* [Information supplied]:
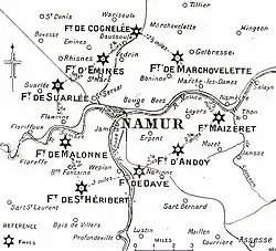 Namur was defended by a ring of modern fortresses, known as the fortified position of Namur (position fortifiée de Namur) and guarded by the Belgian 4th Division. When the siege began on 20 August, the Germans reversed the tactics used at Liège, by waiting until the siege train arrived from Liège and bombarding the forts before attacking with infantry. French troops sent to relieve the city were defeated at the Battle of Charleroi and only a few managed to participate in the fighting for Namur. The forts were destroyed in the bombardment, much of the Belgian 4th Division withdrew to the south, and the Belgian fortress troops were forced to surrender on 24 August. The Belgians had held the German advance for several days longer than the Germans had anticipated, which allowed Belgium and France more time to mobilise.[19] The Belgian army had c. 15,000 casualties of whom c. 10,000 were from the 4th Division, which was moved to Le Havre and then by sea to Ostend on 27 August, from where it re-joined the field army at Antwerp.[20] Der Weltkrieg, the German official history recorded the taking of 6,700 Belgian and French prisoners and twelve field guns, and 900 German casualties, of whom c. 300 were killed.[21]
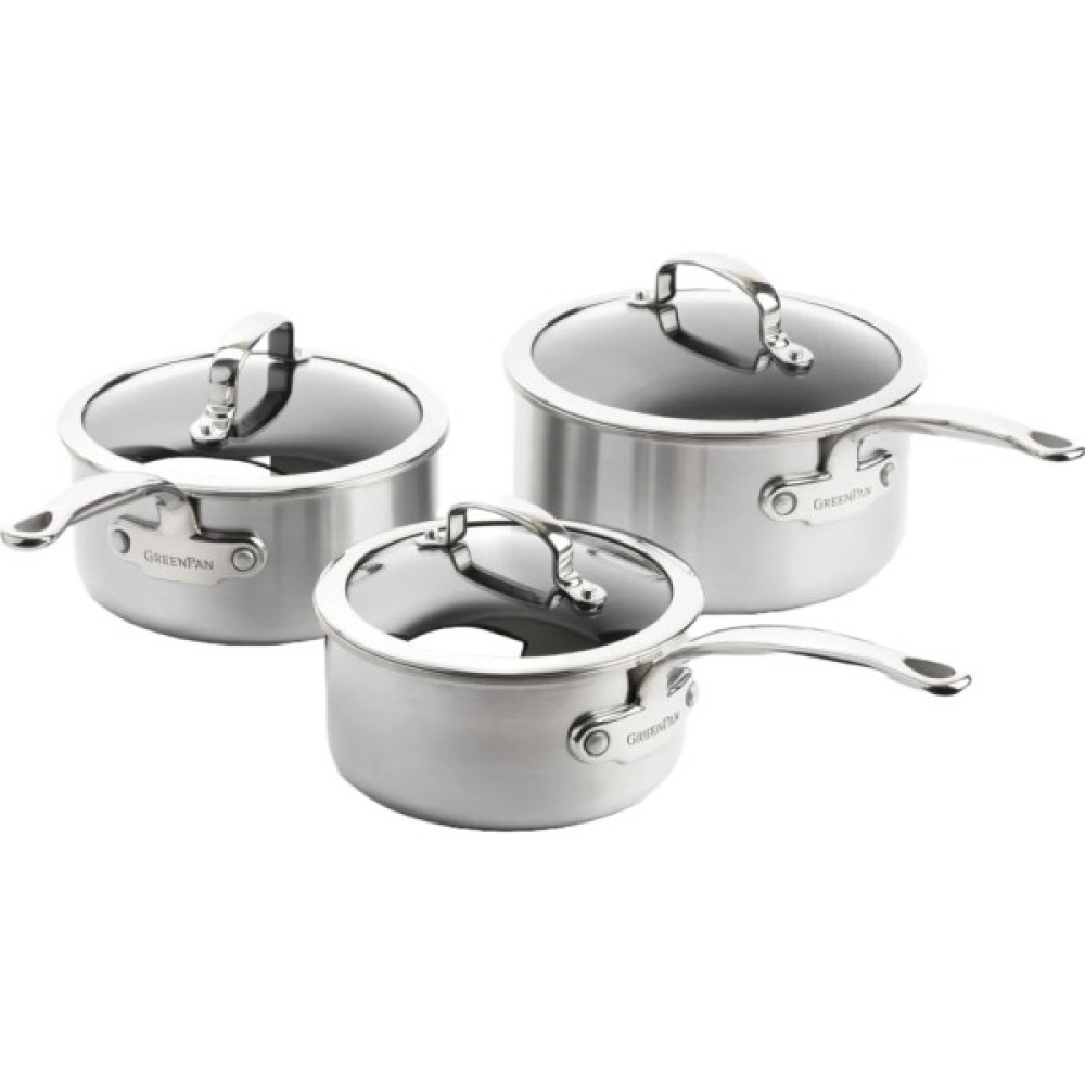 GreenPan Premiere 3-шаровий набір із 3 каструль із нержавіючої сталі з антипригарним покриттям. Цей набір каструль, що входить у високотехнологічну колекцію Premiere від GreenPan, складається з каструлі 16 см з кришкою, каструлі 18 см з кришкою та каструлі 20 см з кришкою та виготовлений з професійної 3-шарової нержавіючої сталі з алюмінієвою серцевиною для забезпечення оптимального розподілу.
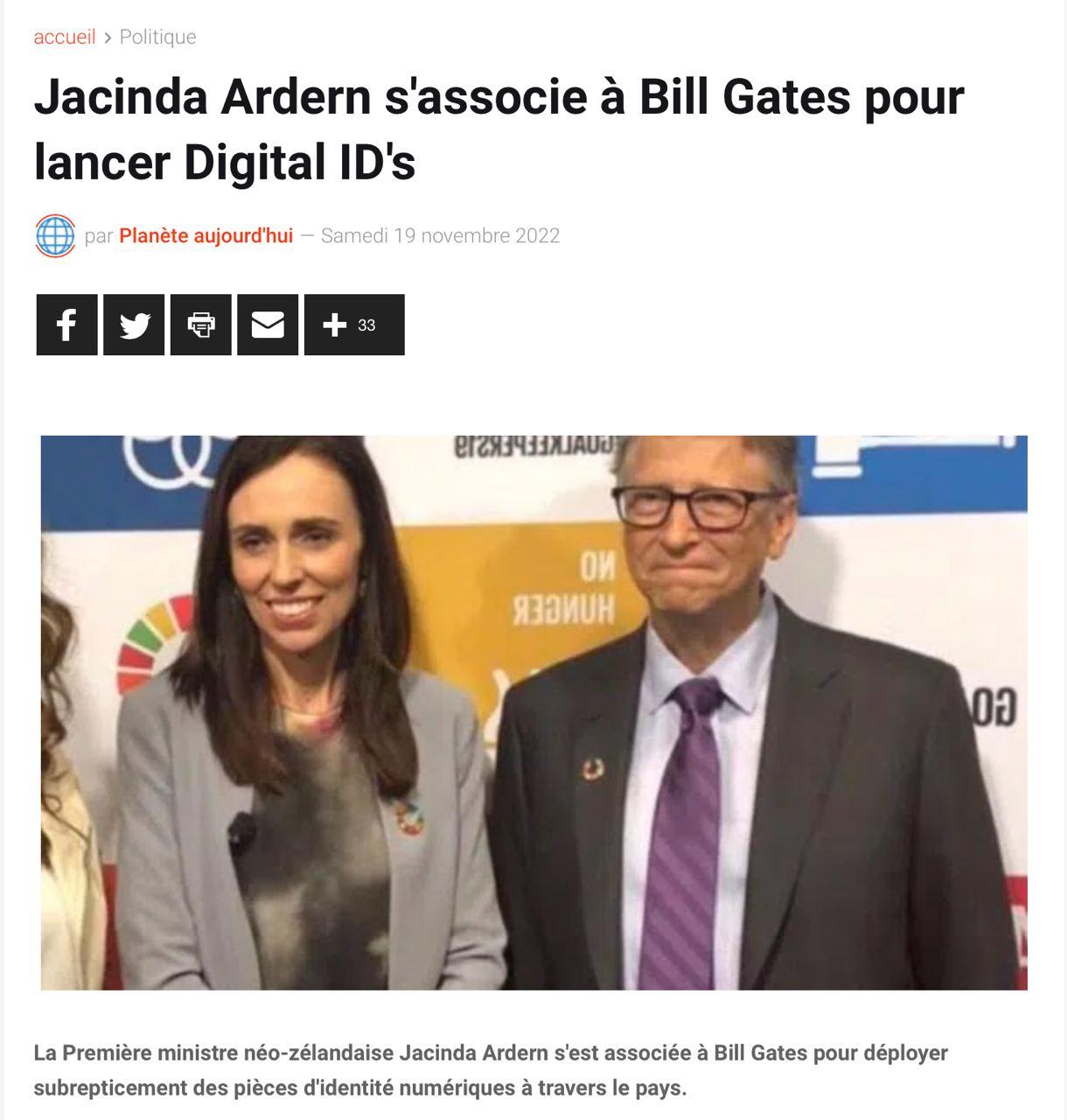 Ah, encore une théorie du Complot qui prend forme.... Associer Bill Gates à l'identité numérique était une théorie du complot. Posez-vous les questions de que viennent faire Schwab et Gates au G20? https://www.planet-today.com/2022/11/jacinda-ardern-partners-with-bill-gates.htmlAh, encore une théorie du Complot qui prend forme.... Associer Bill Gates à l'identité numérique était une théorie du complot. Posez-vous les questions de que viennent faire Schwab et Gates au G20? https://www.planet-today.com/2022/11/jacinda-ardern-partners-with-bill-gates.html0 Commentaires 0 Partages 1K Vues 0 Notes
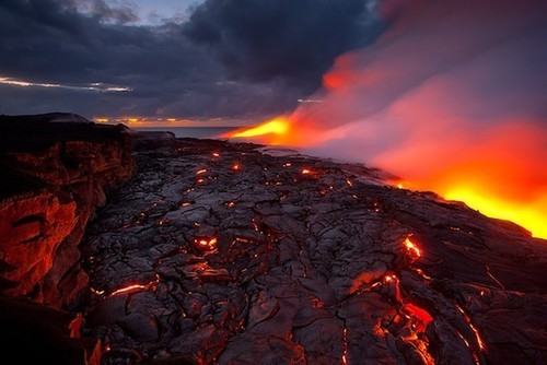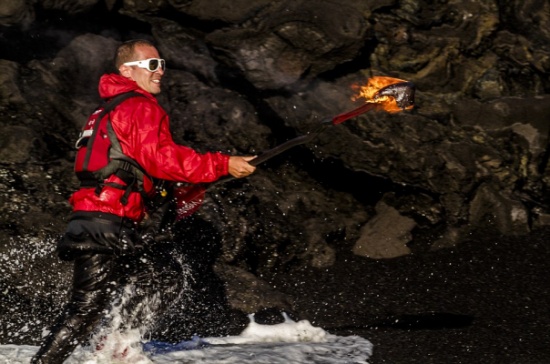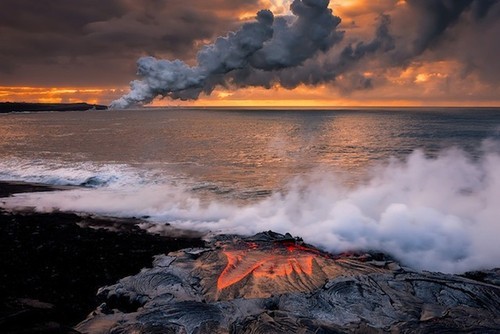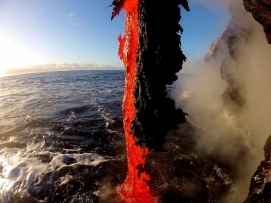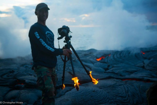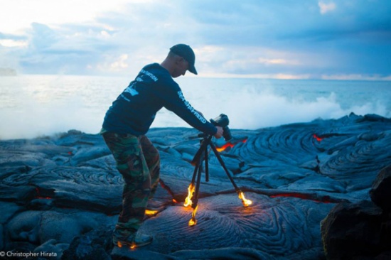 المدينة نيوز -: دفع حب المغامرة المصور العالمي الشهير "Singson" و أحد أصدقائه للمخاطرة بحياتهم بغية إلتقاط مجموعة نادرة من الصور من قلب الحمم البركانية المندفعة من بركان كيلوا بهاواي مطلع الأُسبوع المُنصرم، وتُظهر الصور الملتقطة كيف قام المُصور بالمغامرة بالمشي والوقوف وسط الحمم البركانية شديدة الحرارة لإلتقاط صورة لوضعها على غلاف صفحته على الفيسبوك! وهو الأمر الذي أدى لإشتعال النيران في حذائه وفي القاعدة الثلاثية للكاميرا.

* [Exercise requirements]: Pictures do not belong in the copy; repeat the rest of the listing exactly.

* [Your solution]:
 Namur was defended by a ring of modern fortresses, known as the fortified position of Namur (position fortifiée de Namur) and guarded by the Belgian 4th Division. When the siege began on 20 August, the Germans reversed the tactics used at Liège, by waiting until the siege train arrived from Liège and bombarding the forts before attacking with infantry. French troops sent to relieve the city were defeated at the Battle of Charleroi and only a few managed to participate in the fighting for Namur. The forts were destroyed in the bombardment, much of the Belgian 4th Division withdrew to the south, and the Belgian fortress troops were forced to surrender on 24 August. The Belgians had held the German advance for several days longer than the Germans had anticipated, which allowed Belgium and France more time to mobilise.[19] The Belgian army had c. 15,000 casualties of whom c. 10,000 were from the 4th Division, which was moved to Le Havre and then by sea to Ostend on 27 August, from where it re-joined the field army at Antwerp.[20] Der Weltkrieg, the German official history recorded the taking of 6,700 Belgian and French prisoners and twelve field guns, and 900 German casualties, of whom c. 300 were killed.[21]
 GreenPan Premiere 3-шаровий набір із 3 каструль із нержавіючої сталі з антипригарним покриттям. Цей набір каструль, що входить у високотехнологічну колекцію Premiere від GreenPan, складається з каструлі 16 см з кришкою, каструлі 18 см з кришкою та каструлі 20 см з кришкою та виготовлений з професійної 3-шарової нержавіючої сталі з алюмінієвою серцевиною для забезпечення оптимального розподілу.
 Ah, encore une théorie du Complot qui prend forme.... Associer Bill Gates à l'identité numérique était une théorie du complot. Posez-vous les questions de que viennent faire Schwab et Gates au G20? https://www.planet-today.com/2022/11/jacinda-ardern-partners-with-bill-gates.htmlAh, encore une théorie du Complot qui prend forme.... Associer Bill Gates à l'identité numérique était une théorie du complot. Posez-vous les questions de que viennent faire Schwab et Gates au G20? https://www.planet-today.com/2022/11/jacinda-ardern-partners-with-bill-gates.html0 Commentaires 0 Partages 1K Vues 0 Notes
 المدينة نيوز -: دفع حب المغامرة المصور العالمي الشهير "Singson" و أحد أصدقائه للمخاطرة بحياتهم بغية إلتقاط مجموعة نادرة من الصور من قلب الحمم البركانية المندفعة من بركان كيلوا بهاواي مطلع الأُسبوع المُنصرم، وتُظهر الصور الملتقطة كيف قام المُصور بالمغامرة بالمشي والوقوف وسط الحمم البركانية شديدة الحرارة لإلتقاط صورة لوضعها على غلاف صفحته على الفيسبوك! وهو الأمر الذي أدى لإشتعال النيران في حذائه وفي القاعدة الثلاثية للكاميرا.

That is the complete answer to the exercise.